PROBLEM: Every line below from the one containing "W mgnieniu oka" through the one containing "Мясо нарезать против" is to be printed exactly, with the pictures omitted.

══ RECORDS SHOWN

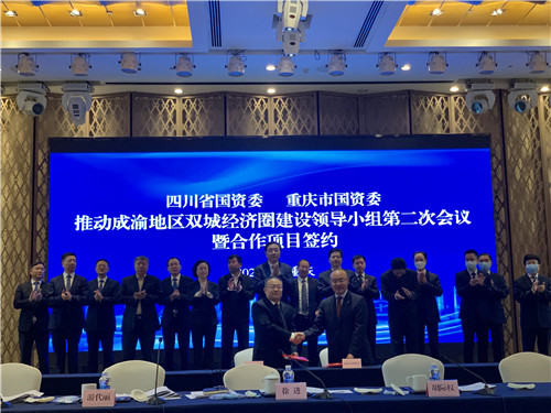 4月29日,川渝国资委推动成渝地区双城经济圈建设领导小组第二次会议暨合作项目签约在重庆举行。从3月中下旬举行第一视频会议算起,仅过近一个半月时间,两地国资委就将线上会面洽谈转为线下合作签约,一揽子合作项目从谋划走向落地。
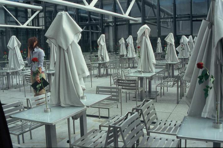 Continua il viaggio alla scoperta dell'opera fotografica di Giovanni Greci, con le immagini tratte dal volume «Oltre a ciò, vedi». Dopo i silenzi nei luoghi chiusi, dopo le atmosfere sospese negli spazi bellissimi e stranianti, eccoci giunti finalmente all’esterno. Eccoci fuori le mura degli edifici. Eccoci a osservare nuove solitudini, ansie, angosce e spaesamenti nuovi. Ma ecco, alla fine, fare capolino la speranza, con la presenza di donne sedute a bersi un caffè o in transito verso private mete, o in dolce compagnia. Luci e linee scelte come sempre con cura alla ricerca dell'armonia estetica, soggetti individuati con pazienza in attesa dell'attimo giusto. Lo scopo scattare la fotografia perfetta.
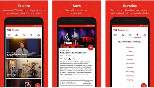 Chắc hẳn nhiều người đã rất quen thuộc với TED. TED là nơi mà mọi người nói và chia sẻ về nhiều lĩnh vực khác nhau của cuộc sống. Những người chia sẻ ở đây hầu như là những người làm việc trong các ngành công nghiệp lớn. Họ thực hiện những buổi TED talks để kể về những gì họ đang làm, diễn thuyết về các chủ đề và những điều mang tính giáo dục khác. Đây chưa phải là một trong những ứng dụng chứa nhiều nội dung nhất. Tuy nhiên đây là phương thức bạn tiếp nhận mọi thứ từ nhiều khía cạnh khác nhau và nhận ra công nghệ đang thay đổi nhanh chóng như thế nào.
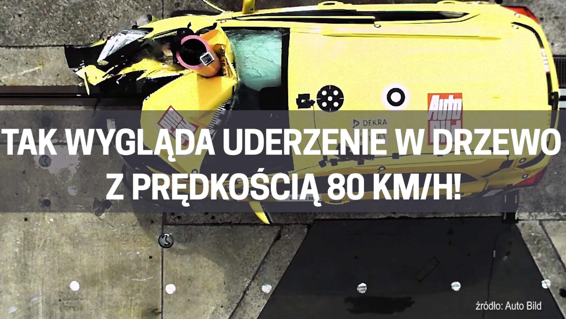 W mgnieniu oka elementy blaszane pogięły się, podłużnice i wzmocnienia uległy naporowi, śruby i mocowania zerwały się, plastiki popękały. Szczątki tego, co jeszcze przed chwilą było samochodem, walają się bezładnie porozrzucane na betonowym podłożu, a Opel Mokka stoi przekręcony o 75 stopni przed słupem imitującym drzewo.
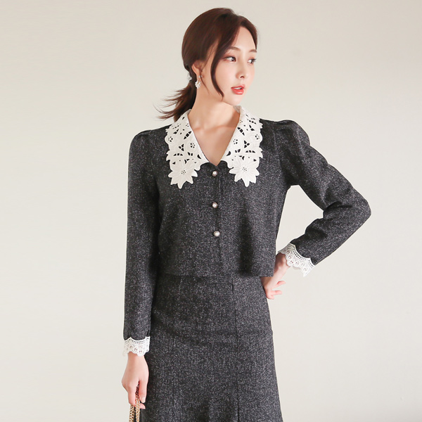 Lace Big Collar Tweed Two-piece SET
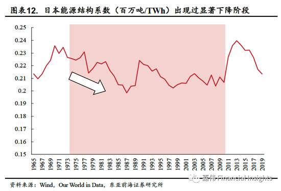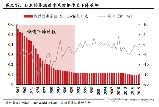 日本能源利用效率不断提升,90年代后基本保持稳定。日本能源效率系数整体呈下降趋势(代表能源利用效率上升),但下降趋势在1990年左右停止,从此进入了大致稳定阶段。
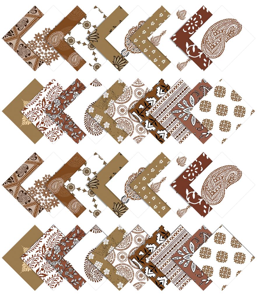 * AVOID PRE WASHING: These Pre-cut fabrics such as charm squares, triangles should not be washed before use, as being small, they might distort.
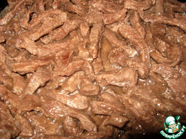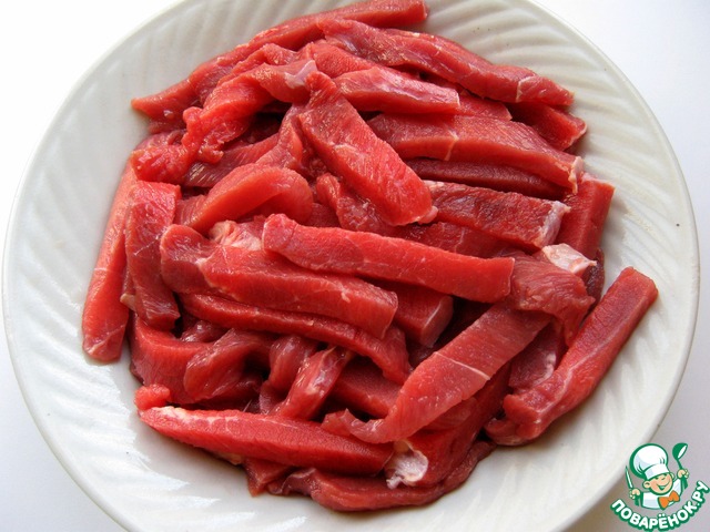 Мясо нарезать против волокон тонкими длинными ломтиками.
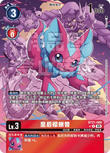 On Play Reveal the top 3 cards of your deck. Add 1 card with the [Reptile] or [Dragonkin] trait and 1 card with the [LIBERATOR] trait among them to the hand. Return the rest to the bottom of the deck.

════
══ RECORDS SHOWN

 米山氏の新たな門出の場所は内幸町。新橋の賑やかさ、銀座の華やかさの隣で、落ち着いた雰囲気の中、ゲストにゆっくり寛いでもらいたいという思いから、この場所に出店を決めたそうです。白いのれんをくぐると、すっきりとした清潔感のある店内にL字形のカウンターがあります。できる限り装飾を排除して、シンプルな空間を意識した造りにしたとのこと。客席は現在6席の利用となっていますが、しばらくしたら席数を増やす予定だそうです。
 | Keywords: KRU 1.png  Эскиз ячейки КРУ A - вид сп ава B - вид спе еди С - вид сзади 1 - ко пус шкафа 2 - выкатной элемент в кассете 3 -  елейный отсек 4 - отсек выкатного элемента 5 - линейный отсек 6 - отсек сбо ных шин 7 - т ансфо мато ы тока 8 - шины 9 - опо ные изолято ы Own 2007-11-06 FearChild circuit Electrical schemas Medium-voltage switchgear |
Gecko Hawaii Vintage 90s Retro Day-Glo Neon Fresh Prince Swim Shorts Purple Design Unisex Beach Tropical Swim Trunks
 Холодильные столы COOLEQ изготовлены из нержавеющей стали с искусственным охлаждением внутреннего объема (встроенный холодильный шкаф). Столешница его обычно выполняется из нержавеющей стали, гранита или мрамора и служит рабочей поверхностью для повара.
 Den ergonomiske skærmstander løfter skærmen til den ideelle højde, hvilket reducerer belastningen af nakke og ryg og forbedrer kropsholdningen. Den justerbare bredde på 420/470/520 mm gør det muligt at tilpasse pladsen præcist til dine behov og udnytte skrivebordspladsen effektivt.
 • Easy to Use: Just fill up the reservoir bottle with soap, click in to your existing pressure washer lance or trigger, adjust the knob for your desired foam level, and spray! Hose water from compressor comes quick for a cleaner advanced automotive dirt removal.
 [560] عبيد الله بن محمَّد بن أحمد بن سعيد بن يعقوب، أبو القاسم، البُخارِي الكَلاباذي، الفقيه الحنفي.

════

EXERCISE RESULT:
 W mgnieniu oka elementy blaszane pogięły się, podłużnice i wzmocnienia uległy naporowi, śruby i mocowania zerwały się, plastiki popękały. Szczątki tego, co jeszcze przed chwilą było samochodem, walają się bezładnie porozrzucane na betonowym podłożu, a Opel Mokka stoi przekręcony o 75 stopni przed słupem imitującym drzewo.
 Lace Big Collar Tweed Two-piece SET
 日本能源利用效率不断提升,90年代后基本保持稳定。日本能源效率系数整体呈下降趋势(代表能源利用效率上升),但下降趋势在1990年左右停止,从此进入了大致稳定阶段。
 * AVOID PRE WASHING: These Pre-cut fabrics such as charm squares, triangles should not be washed before use, as being small, they might distort.
 Мясо нарезать против волокон тонкими длинными ломтиками.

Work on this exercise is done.